Some time in the fall, our youngest child Josh came home for his first weekend since we had left him, somewhat forlorn (both he and we), a freshman at college. For me, his departure had been the most poignant and difficult of three, heralding as it did an end to the period of mothering that had given me such a strong sense of self and fulfillment. Now Josh was back, casually dragging along a monstrous duffle stuffed with a two-week accumulation of laundry as he entered the apartment. This was not, he said, an unusual time span but one that he had determined would be manageable between washes, an idea he had floated the previous summer when he and I had shopped for clothing and necessaries for school. That he had even thought about that aspect of life away from home was quite in character with this most organized of our children, although I thought I might have detected a touch of sheepishness when he said it was quite by chance that the opportunity to do the wash had coincided with his first trip home.

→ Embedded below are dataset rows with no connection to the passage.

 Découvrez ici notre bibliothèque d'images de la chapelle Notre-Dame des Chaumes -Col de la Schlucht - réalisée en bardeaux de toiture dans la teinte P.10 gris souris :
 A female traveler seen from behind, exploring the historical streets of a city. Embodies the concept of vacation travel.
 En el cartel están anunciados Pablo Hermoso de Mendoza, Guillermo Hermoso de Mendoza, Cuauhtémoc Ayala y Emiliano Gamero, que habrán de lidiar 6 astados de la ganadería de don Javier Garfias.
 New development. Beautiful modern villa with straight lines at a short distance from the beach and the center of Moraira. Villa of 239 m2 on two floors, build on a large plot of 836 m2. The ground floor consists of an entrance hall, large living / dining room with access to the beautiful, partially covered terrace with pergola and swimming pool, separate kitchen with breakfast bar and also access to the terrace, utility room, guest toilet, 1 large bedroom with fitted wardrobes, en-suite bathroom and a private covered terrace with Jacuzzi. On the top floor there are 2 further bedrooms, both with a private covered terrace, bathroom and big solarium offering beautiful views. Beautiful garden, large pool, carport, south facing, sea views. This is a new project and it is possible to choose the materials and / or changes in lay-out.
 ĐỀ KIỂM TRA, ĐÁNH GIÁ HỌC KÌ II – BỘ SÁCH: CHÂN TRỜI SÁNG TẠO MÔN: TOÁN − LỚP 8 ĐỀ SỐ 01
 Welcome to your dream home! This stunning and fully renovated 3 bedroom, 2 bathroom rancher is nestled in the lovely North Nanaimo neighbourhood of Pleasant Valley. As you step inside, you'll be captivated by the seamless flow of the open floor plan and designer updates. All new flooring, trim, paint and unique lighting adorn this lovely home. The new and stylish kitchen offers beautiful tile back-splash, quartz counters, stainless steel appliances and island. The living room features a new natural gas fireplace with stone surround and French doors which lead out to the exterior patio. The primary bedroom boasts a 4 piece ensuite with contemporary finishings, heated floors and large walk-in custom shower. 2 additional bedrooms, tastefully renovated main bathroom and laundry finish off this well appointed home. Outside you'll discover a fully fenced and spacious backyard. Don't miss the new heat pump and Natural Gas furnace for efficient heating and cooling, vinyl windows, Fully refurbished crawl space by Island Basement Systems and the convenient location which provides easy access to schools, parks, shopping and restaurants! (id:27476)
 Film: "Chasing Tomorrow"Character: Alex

At least seventy five pounds worth of opportunity.

For me.

And why did my heart surge with joy on this glorious Saturday morning at the prospect of beginning what looked like seven loads of laundry, possibly eight, if one carefully sorted the lights from the darks and kept the shirts separate from the rest? Certainly not because I had won out over our housekeeper whose responsibility the laundry usually was. Josh had not, in fact, asked me to do it. Yet it was mine for the choosing and I was shameless in seeking it out. Just the same, I found myself hoping that any omniscient feminist conscience-keepers would be involved with more serious matters than whether or not I did the laundry since I was sure that I was violating some major code, and with considerable glee at that.

Of course, our other two still occasionally brought their laundry home, most recently, our oldest Elizabeth. Several weekends before, she had brought four full shopping bags to our country home, while Seth, off to travel before starting law school, had left a mountain of clothing on the floor of his room that definitely was not suitable for Africa. He had pointed it out while packing and said he'd "get to it sometime in the late spring or early summer," whenever he returned. However, Elizabeth and Seth were then at different stages and we had dealt with their comings and goings around other matters and in other ways. Josh's duffle of laundry clearly had ancient roots.

To me, it was unmistakably a contemporary version of the soft, pink pillow that had originated with a purple velour bathrobe I had worn when Josh was small. A memory is vivid and poignant: Josh and I are in his room, he, a pudgy eighteen-month tornado suddenly run out of steam; he moves next to me, takes a fold of my robe, strokes it, puts his fingers in his mouth (always the two middle ones) and tugs me towards the crib, signaling that he is ready for a nap. This was a welcome moment, for with the other two children I had often had difficulty deciphering fatigue. But Josh's signals were unmistakable, and when I made him a small velvet pillow in lieu of my bathrobe, he adopted it immediately with intensity and devotion, labeling it at once his nice 'n' soft. And it was.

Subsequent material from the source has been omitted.